Franck Rabault (Cassagnabere) | 18/06/2019
N°11 | Eau & agriculture, Eau, tourisme & développement territorial

Le tourisme peut-il être un outil de préservation de la ressource en eau, tant qualitative que quantitative ?

Oui mais pas que, car on ne peut traiter le problème de manière isolée, l’ensemble des paramètres étant en interactions (usages domestiques, agriculture, industrie).

Rappel et contexte :

1. L’eau est un des éléments essentiels, vitaux, à toute forme de vie.
2. La qualité de l’eau est essentielle, vitale, au maintien en bonne santé de toute forme de vie
3. Le bassin versant est le réseau sanguin du territoire, qu’il faut maintenir suffisamment abondant avec une qualité maximale. Nous en sommes les gardiens de sa partie amont, les sources et les artères au plus près du cœur de la montagne.
4. De notre travail, de notre implication, de nos choix, découlent l’approvisionnement en qualité et en quantité du ¼ sud-ouest de la France jusqu’à Bordeaux
5. Travaillant depuis plus de 20 ans dans le domaine de la protection de l’environnement, avec l’eau comme sujet de prédilection, je constate ce qui a été fait en 20 ans. L’état des lieux actuel montre qu’il faut FAIRE LE DOUBLE EN 5 ANS. J’espère donc une implication de tous, chacun à son niveau avec ses propres leviers d’action, dès maintenant.

Voici ma contribution à la réflexion générale et quelques pistes d’actions.

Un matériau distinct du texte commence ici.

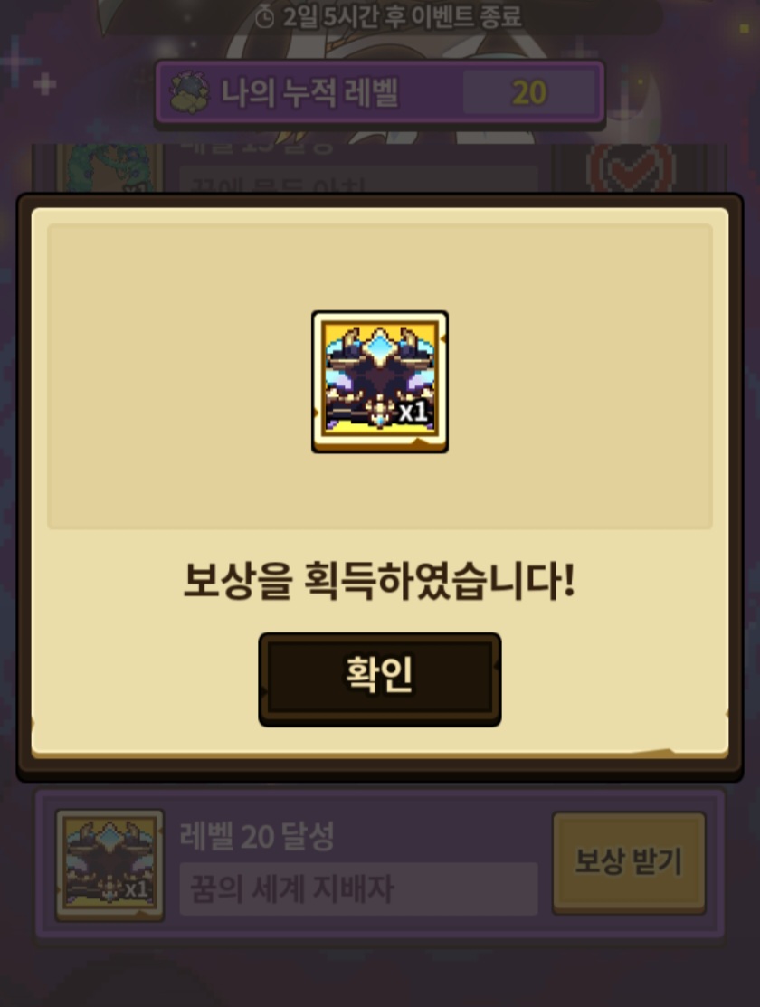 정말 지겨웠던 꿈세계 이벤트… 15까지만 16까지만 하다 결국 20까지 찍었네요…ㅠㅠ
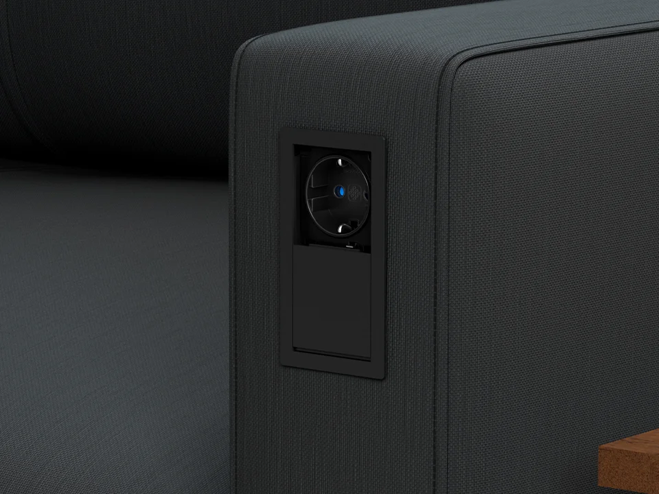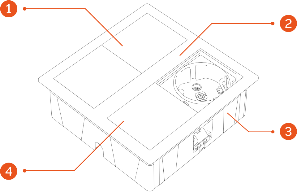 - Il particolare sistema di apertura permette di scoprire le prese solo quando necessario, proteggendo così la presa inutilizzata da polvere, detriti e acqua.
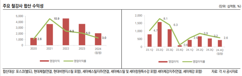 양대 일관제철사(포스코·현대제철)는 중국과의 경쟁이 심화된 품목에서 수익성 저하가 두드러졌으나, 채산성이 높은 자동차용 냉연에서 양호한 마진을 확보, 일정 수준의 이익창출력을 유지했다.
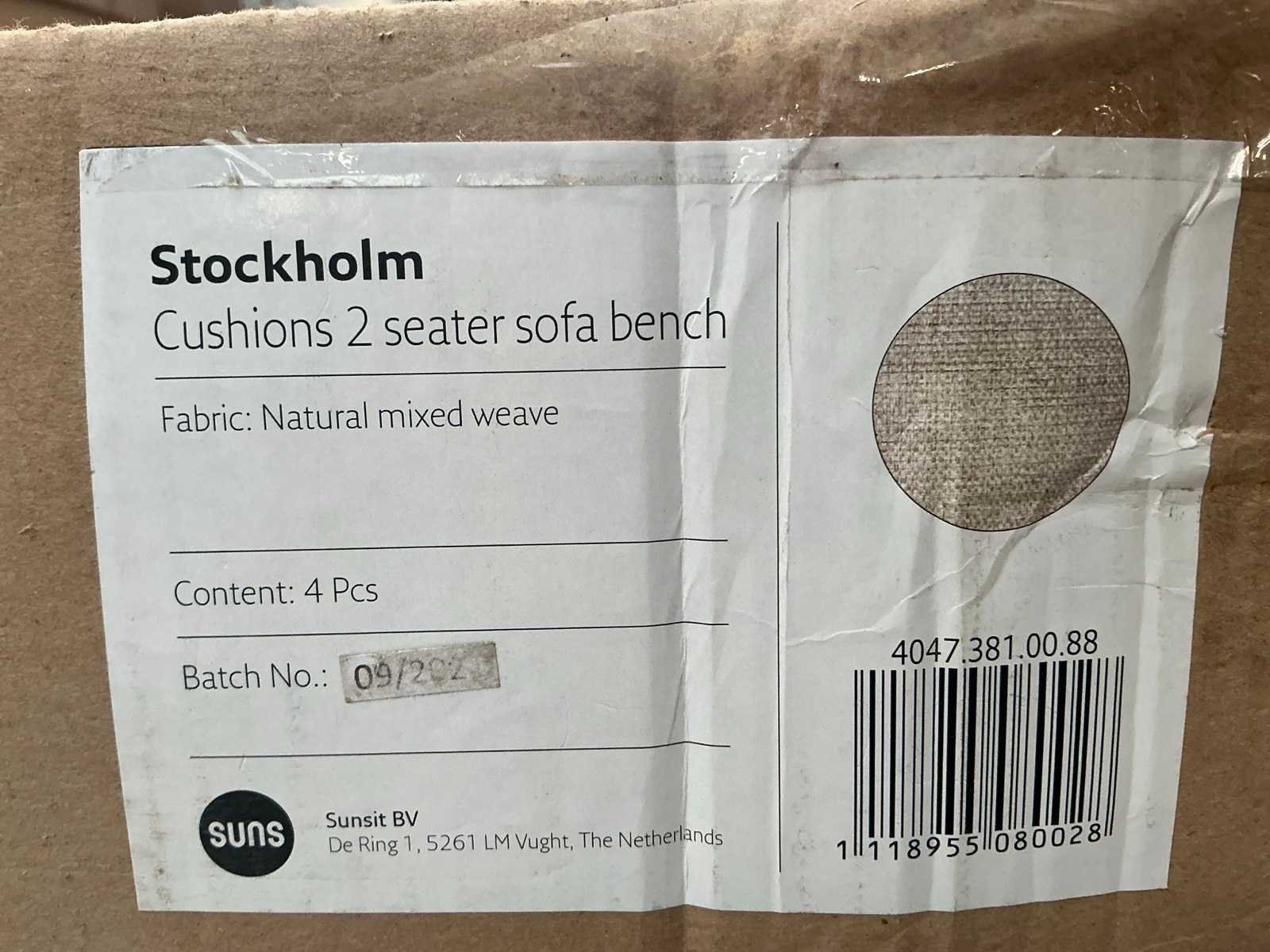 LET OP: het gaat alleen om de kussens 2 zitkussens 2 rugkussens Merk: Suns Model: Stockholm Kleur: Natural mixed weave

Voici le constat qui nous est présenté :

Baisse de la ressource
Augmentation de la durée et de l’intensité des étiages
Fonte précoce
Nécessité d’alimenter Toulouse agglo et les agglos suivantes (1 million personnes à charge de la Garonne)

Face à un tel constat, il apparaît donc indispensable, vital de :

maîtriser les usages de l’eau :

Agriculture : 70% de la consommation, pollution par les intrants chimiques et antibiotiques. Nécessité d’agir sur qualitatif ET quantitatif

Industrie (7%) : agir principalement sur le niveau de qualité des rejets en milieu naturel

Usages domestiques : éduquer à de meilleurs usages de l’eau (chasse au gaspi), favoriser et soutenir la collecte et le stockage d’eau de pluie, favoriser et soutenir la mise en place de double réseaux d’eau afin de n’utiliser l’eau potable que pour les usages alimentaires et hygiéniques.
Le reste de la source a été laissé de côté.